El Enano, con miedo, dejóse caer del rocín, diciendo:
—Acorredme, señor, que me matan.
Amadís, que lo vió, corrió muy ahína e dijo:
—¿Qué es eso, señor caballero? ¿Por qué me queréis matar mi enano? No pongáis mano en él, que amparar os lo he yo.
—De vos lo amparar —dijo el caballero— me pesa; mas todavía conviene que la cabeza le taje.
—Antes habréis la batalla —dijo Amadís; e tomando sus armas, cubiertos de sus escudos, movieron contra sí al más correr de sus caballos, y encontráronse en los escudos tan fuertemente, que los falsaron, e las lorigas también, e juntáronse los caballos y ellos de los cuerpos e de los yelmos, de tal guisa, que cayeron a sendas partes grandes caídas; pero luego fueron en pie, e comenzaron la batalla de las espadas tan cruel e tan fuerte, que no había persona que la viese que dello no fuese espantado, e así lo era el uno del otro, que nunca fasta allí hallaron quien en tan gran estrecho sus vidas pusiese.
Así anduvieron, hiriéndose de muy grandes y esquivos golpes una gran pieza del día; tanto que sus escudos eran rajados e cortados por muchas partes; e asimismo lo eran los arneses, en que ya muy poca defensa en ellos había, e las espadas tenían mucho lugar de llegar a menudo e con daño de sus carnes, pues los yelmos no quedaban sin ser cortados e abollados a todas partes.
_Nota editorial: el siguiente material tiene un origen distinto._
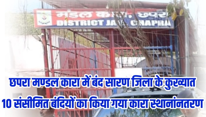 Chhapra: सारण जिलें में हत्या, लूट, डकैती एवं अन्य दर्जनों कांडों में अरोपित संसीमित अपराधकर्मी, जो मण्डल कारा में थे, इनकी अपराधिक गतिविधि एवं जिले में शांति व्यवस्था के मद्देनजर जिलाधिकारी, सारण एवं वरीय पुलिस अधीक्षक, सारण के द्वारा राज्य के अन्य केंद्रीय कारा में स्थानांतरित करने की अनुशंसा की गयी। जिसके आलोक में त्वरित कार्रवाई करते हुए इन्हे राज्य अन्य केन्द्रीय कारा में स्थानांतरित किया जा रहा है।
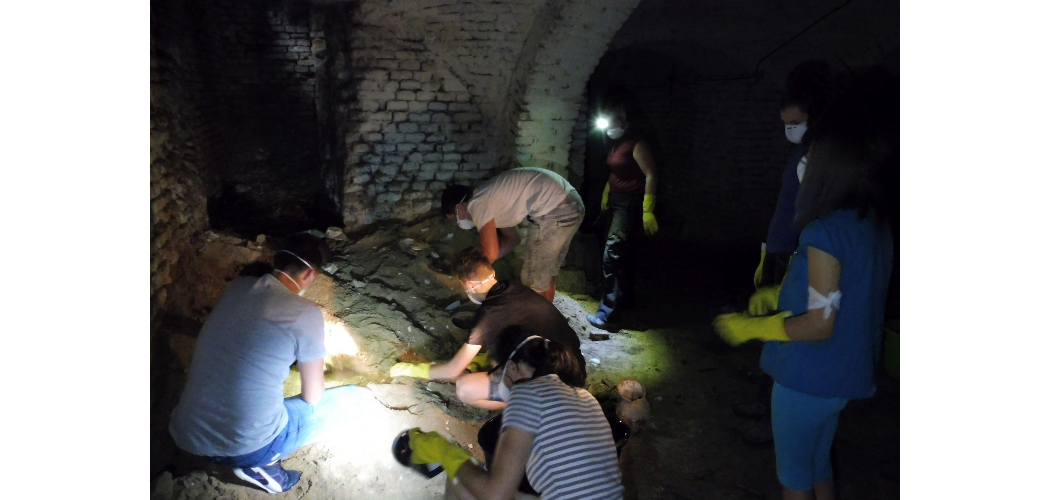 Leletmentés a kastély narancsházának pincéjében. Fotó: Kaján Marianna
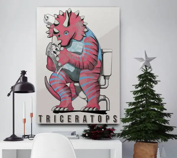 Triceratops On The Toilet Poster Dinosaur Bathroom Canvas Print Dinosaur Wall Art Funny Bathroom Decor Bathroom Poster Funny Wall Decor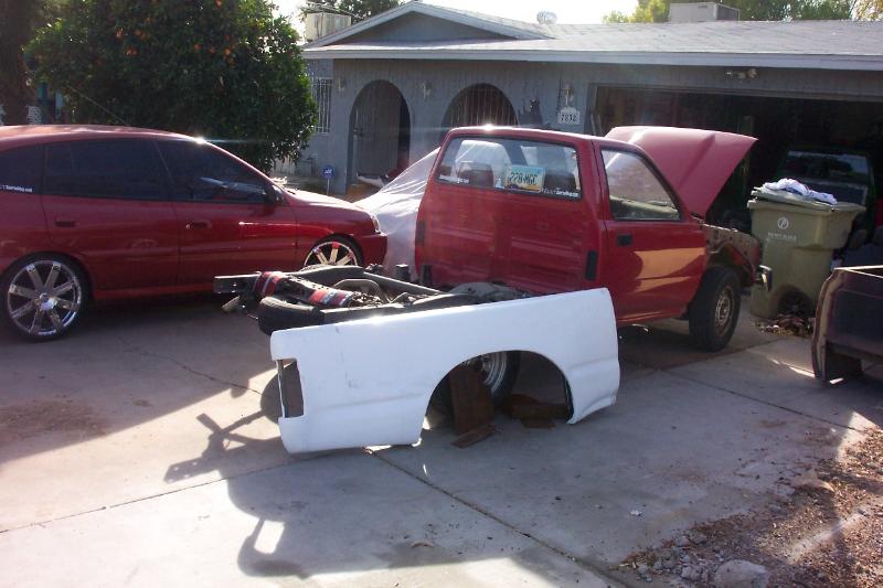 Fiberglass 4" Tacoma Conv. Bedsides, 4wd 4" Flare front fenders, clear corners, Diamond back conv. headlights, billet grille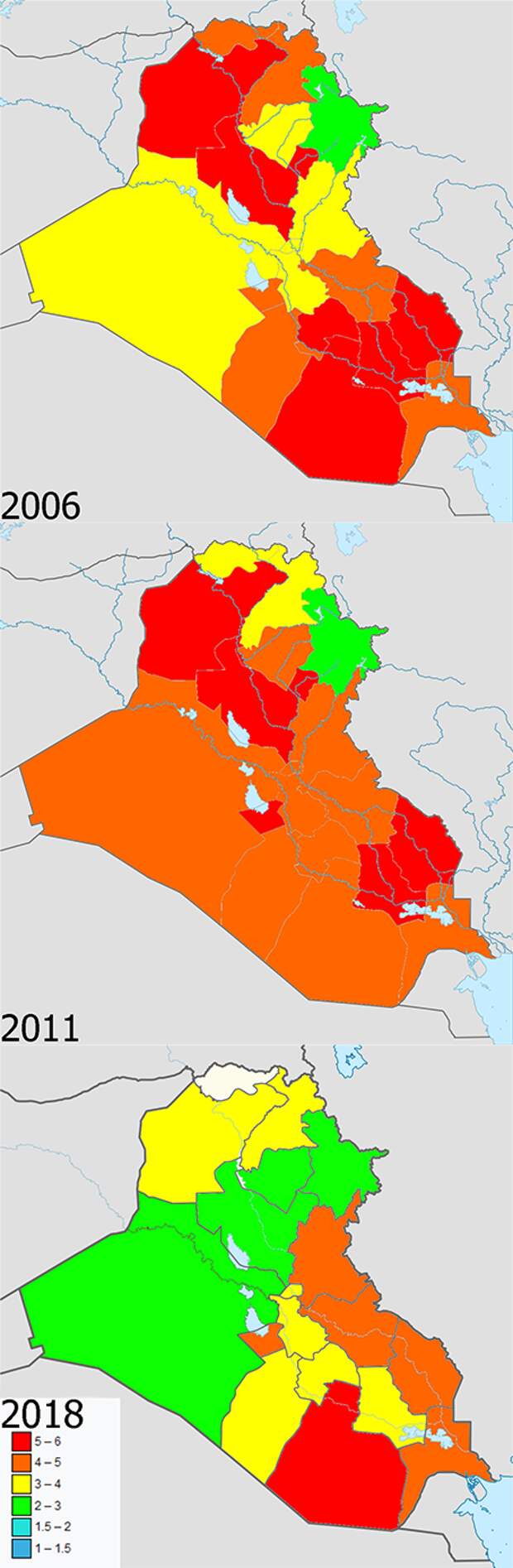 Iraq Fertility Rate by Province in 2006,2011 and 2018.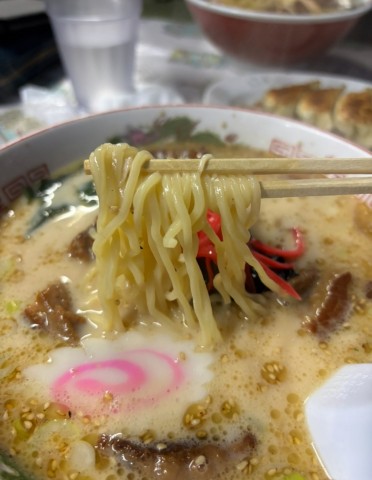 角煮豚骨ラーメンが冷え切った体に染みるのなんの。口の中でほろほろに溶ける角煮が麺と絡んで絶妙だ。餃子はニンニクが効いててパンチ力満点。浜松市民を唸らせた餃子は是非とも食べてもらいたい一品である。

Pues estando en esta gran priesa que oís, llegó acaso un caballero todo armado donde la doncella estaba, e como la batalla vió, comenzóse a santiguar, diciendo que desque nasciera nunca había visto tan fuerte lid de dos caballeros; e preguntó a la doncella si sabía quién fuesen aquellos caballeros.
—Sé —dijo ella—; que yo los fize juntar, e no me puedo ende partir sino alegre; que mucho me placería de cualquiera dellos que muera, e mucho más de entrambos.
—Cierto, doncella —dijo el caballero—, no es ese buen deseo ni placer; antes es de rogar a Dios por tan buenos dos hombres; mas decidme por qué los desamáis tanto.
—Eso vos diré —dijo la doncella—; aquel que tiene el escudo más sano es el hombre del mundo que más desama Arcalaus, mi tío, e de quien más desea la muerte, e ha nombre Amadís; y este otro con quien se combate se llama Galaor, e matóme el hombre del mundo que yo más amaba; e teníame otorgado un don, e yo andaba por gelo pedir donde la muerte le viniese; e como conocí al otro caballero, que es el mejor del mundo, demandéle la cabeza de aquel enano. Así que, este Galaor que muy fuerte caballero es, por me la dar, y el otro por la defender, son llegados a la muerte, de que yo gran gloria e placer recibo.
El caballero, que esto oyó, dijo:
—Mal haya mujer que tan gran traición pensó para facer morir los mejores dos caballeros del mundo.
E sacando su espada de la vaina, la mató e fué cuanto el caballo llevarle pudo, dando voces, diciendo:
—Estad, señor Amadís; que ese es vuestro hermano don Galaor, el que vos buscáis.
Cuando Amadís lo oyó, dejó caer la espada y el escudo en el campo, e fué contra él, diciendo:
—¡Ay, hermano! Buena ventura haya quien nos fizo conocer.
Galaor dijo:
—¡Ay, cativo malaventurado! ¿Qué he fecho contra mi hermano e mi señor?
E hincándosele de hinojos delante, le demandó llorando perdón. Amadís lo alzó e abrazólo, e dijo:
—Mi hermano, por bien empleado tengo el peligro que con vos pasé, pues que fué testimonio que yo probase vuestra tan alta proeza e bondad.
Entonces se desenlazaron los yelmos por folgar, que muy necesario les era, y el caballero les dijo:
—Señores, mal llagados sois; ruégoos que cabalguéis, e nos vamos a un mi castillo, que es aquí cerca, e guareceréis de vuestras feridas.